Если Георгий Николаевич и смотрел фильмы, то довольно рассеянно, мысли его при этом, пользуясь возможностью, улетали куда-то далеко-далеко. Редко кто из актеров заставлял поверить Суворова в истинность киношного чувства. Но вот Валентина Серова чем-то неуловимым напоминала ему Софью, хотя и не была на нее похожа. Когда он слышал из другой комнаты ее голос, ему становилось грустно. И он откладывал дела, шел к телевизору и смотрел на нее или, не вставая из-за стола, слушал ее голос. Впрочем, фильмы с ее участием шли очень редко. Всего несколько раз за последние десять лет. А когда в доме появилась Лёля и голос ее и смех звучали ежечасно, он уже не так остро реагировал на Серову. Надежда Алексеевна знала об этой слабине мужа, она хотела бы найти в актрисе какой-либо изъян, но он не находился.
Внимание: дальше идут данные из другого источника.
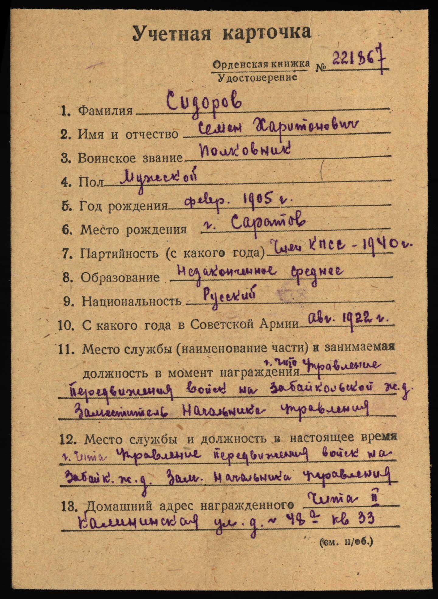 Awarded to Colonel Semyon Kharitonovich Sidorov (Семен Харитонович Сидоров)

«Сколько б ни было в жизни разлук, в этот дом я привык приходить», – пела Серова, а Суворову казалось, что он видит и слышит Софью. Где она? Что она? В Тифлисе или в монастыре? Ссохшаяся старушка или, наоборот, раздобревшая почтенная матрона, а может, и…
– Говорят, она была любовницей Рокоссовского, – проронила Надежда Алексеевна.
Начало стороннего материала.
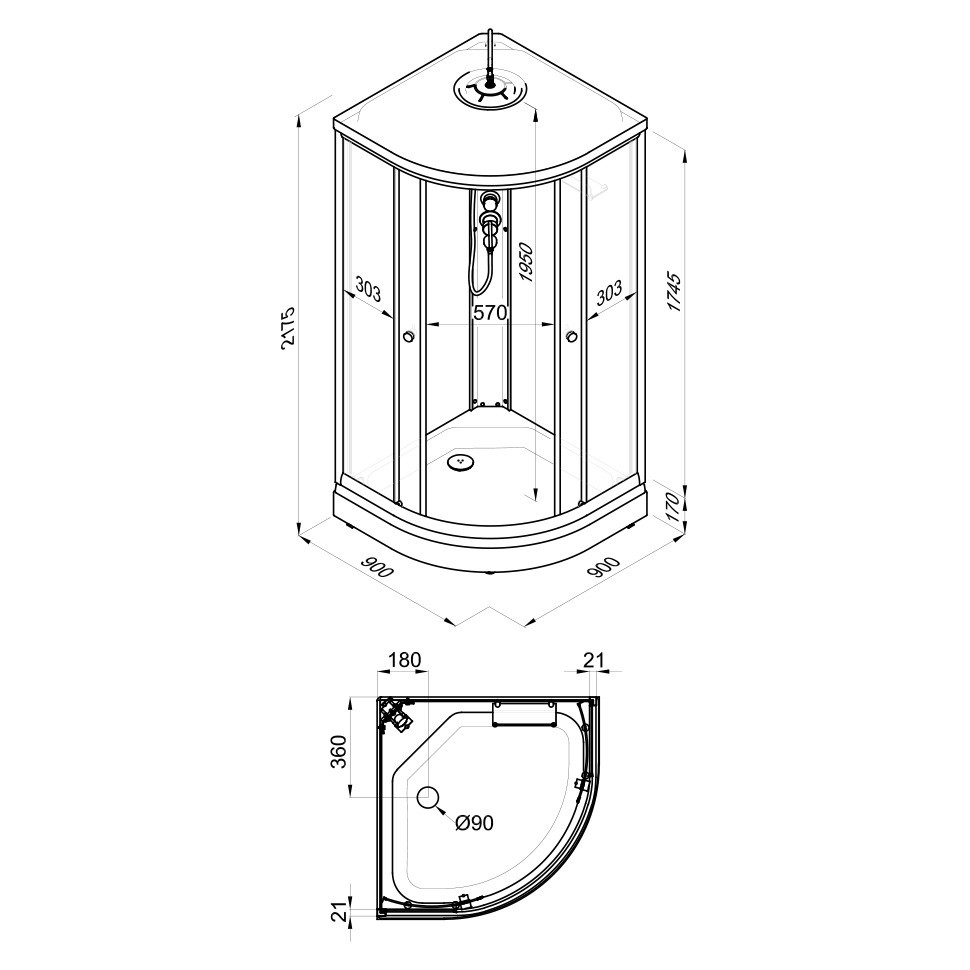 Душевая кабина Топ 90*90 А (7 мест+сифон D90) Щ0000064609 Тритон

– И что? – спросил Суворов.
– Да нет, ничего.
XLII
На открытии институтского музея были произнесены положенные речи, разрезаны необходимые ленточки, сделаны соответствующие записи в «Книге отзывов». Собравшиеся похлопали в ладоши, осмотрели стенды и подались на банкет. Все уже ушли, а Суворов не мог отойти от стенда, на котором были представлены студенты и преподаватели, не вернувшиеся с войны. В среднем ряду с фотографии на Георгия Николаевича в упор смотрела Инесса Рембо и, казалось, спрашивала его: «Я-то не могу прийти к тебе, но почему ты забыл ко мне дорогу?»
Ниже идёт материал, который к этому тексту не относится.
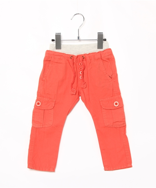 洗いをかけ、こなれた風合いが魅力のカーゴパンツ。屈んでも走っても楽ちんなウエストゴム仕様だから、一日中動きっぱなしのキッズも大満足♪着脱しやすいのも嬉しいポイント。

– Ты женишься на Ирине Аркадьевне? – спросила Инесса в последний их вечер.
– Нет, на Надежде.
– Как? – воскликнула она. – Ну почему? Почему?
– Так надо, Инна.
– Кому?!
«Пропала без вести» – было написано внизу. «Вот так и под любой жизнью можно подписать, – подумал Суворов, чувствуя воистину волчью тоску на душе. – Что же, и все мои прошлые годы пропали без вести? Странно: никакого видимого результата от многолетней титанической работы и чудовищной затраты физической и душевной энергии; нет следа от нее, будто буксир с грузом прошел по воде, волной закрыло след, он сомкнулся и исчез навсегда».
Георгий Николаевич встал, у него закружилась голова. В первый раз он чувствовал такую всеобщую слабость во всем организме (давление, наверное, упало) и собственную беспомощность, и оттого в нем вспыхнул приступ раздражительности.
– Прекрасный букет, – пробурчал Суворов.
«Надо гнать печаль-кручину, гнать всеми доступными способами. Подумаешь, давление! Мы то и дело меряем давление. Как бы это смерить давление, которое оказывает на нас жизнь? В каких оно единицах? В барах, должно быть. Для раба самая подходящая единица – бар. Мы не рабы, рабы не мы – твердят без устали рабы… Когда на меня надавили в первый раз? Сирень набухала. Кажется, в мае тридцать восьмого».